The resumption of fighting in eastern Ukraine also has other purposes. Ukraine’s military capabilities—never robust, due in part to corruption and underfunding that has left the army much less able to cope with the new threats Ukraine faces—are being further degraded. And while there is much talk, particularly among politicians and pundits for supplying advanced weaponry to Ukraine’s military, the reality of the poor performance of Ukrainian units and very real concerns about corruption in the ranks will make Western military establishments loath to simply hand over stocks of weaponry. The U.S. military, in particularly, cannot point to the effectiveness of its train-and-equip programs after the debacle of a theoretically much better armed and positioned Iraqi military abandoning the fight (and a good deal of expensive U.S. supplied equipment) to the rag-tag forces of the Islamic State.

Western private capital is also not poised to make major new investments in Ukraine either. Royal Dutch Shell—which had signed agreements with the ousted president Viktor Yanukovych to begin developing shale oil and gas deposits in east Ukraine, has now put any such plans on indefinite hold, citing the unstable conditions in the region and the impact of the fighting. Ukraine is set to emerge from this conflict far weaker, in both economic and military terms, than where it was a year ago.

Finally, Putin wants to dash the hopes of the new Ukrainian government in any effective Western intervention on their behalf. After the 2008 Russia-Georgia conflict, former Ukrainian president Leonid Kuchma had advised his compatriots not to be drawn in to any clash with Russia, noting that if Ukraine were to “tilt against Russia … someone will take our side? I’m sure neither [the] EU nor the US won’t lift a finger.” This time around, the West has been prepared to do more in terms of sanctions—although the EU’s efforts have been much more grudgingly imposed—but last week President Barack Obama once again signaled that there were clear limits as to how far the West would go—with military action certainly taken off the table. Poroshenko’s own appeal for immediate EU action to tighten sanctions on Russia was met with a response that the issue would have to be studied—with a final decision postponed until later in September.
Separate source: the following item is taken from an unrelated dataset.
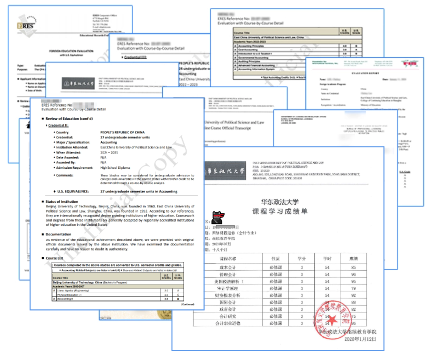 你需要向所选州会计委员会指定的评估机构提交成绩单,证明自己已修满规定的会计学分和商业学分。对于非会计专业的考生来说,这一步往往是整个备考旅程中的第一道坎,也是比较容易被低估的一环。很多人直到准备报名时才发现:原来自己还差不少学分。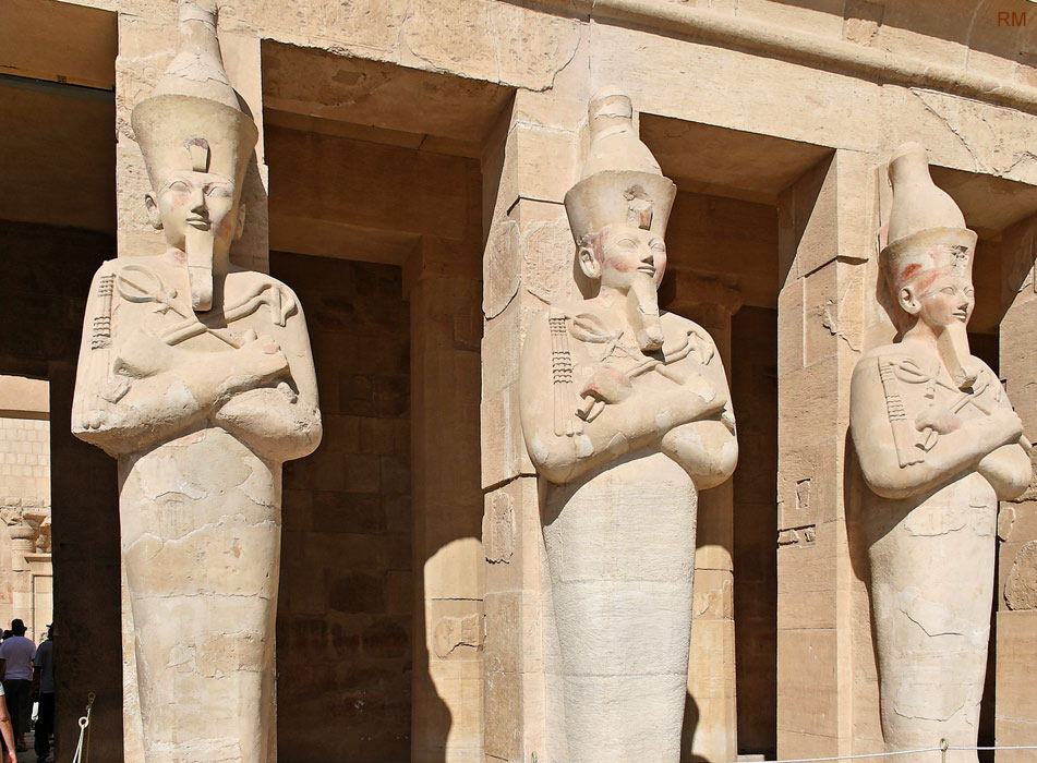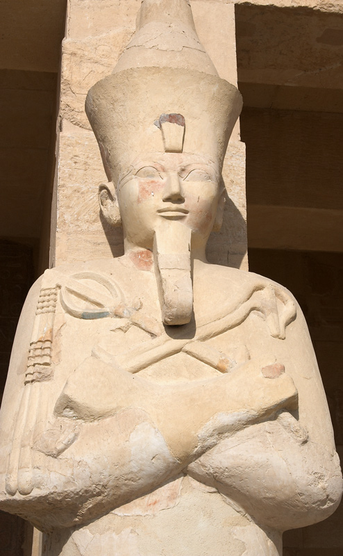 Dans ces piliers osiriaques, la reine est représentée dans l'attitude d'Osiris, les bras croisés sur la poitrine, enveloppée dans son linceul. Osiris était couramment représenté sur son trône, tenant en main ses insignes traditionnels, le fouet et le crochet. Pour suggérer l'aboutissement du voyage vers la vie éternelle, Hatchepsout y fit rajouter sur ses propres statues le signe ank, de la vie, et le sceptre ouas, de la royauté, signes en général tenus en main par les formes divines agissantes. Ces deux signes évoquent le souffle de vie, l'énergie solaire et transforment la statue en deux entités confondues, Osiris et le Soleil. (Desroches Noblecourt, Flammarion, page 148)

Putin hopes that by pushing the envelope, he can discredit Western rhetoric and that, in turn, sufficiently chastened Ukrainian leaders will be prepared to make concessions to Russian demands when they realize that no cavalry will be riding to their rescue. In turn, it would further reinforce Russian predominance in the Eurasian space—as other regional leaders would question the value of any vague Western promises versus Putin’s clear willingness to take action to defend his red lines; it would enhance Putin’s popularity at home, by again successfully defying the “diktat” of the West; and his Chinese partners are more than happy to have the apparent hollowness of Western commitments in Eurasia on display as a warning to its own East and South Asian neighbors not to put too much trust in Washington’s promises.

The Russian gamble is that the Kremlin can establish facts on the ground in Ukraine that both the Poroshenko government and the West will reluctantly accept. The Western response, so far, has not changed this calculus; sanctions are a problem but are survivable—especially if they are not sustained for the long term. Putin may be making the biggest miscalculation of his political career, but there is a method to the apparent madness in Ukraine.

Nikolas K. Gvosdev, a contributing editor at The National Interest, is a visiting lecturer in international relations at Brown University.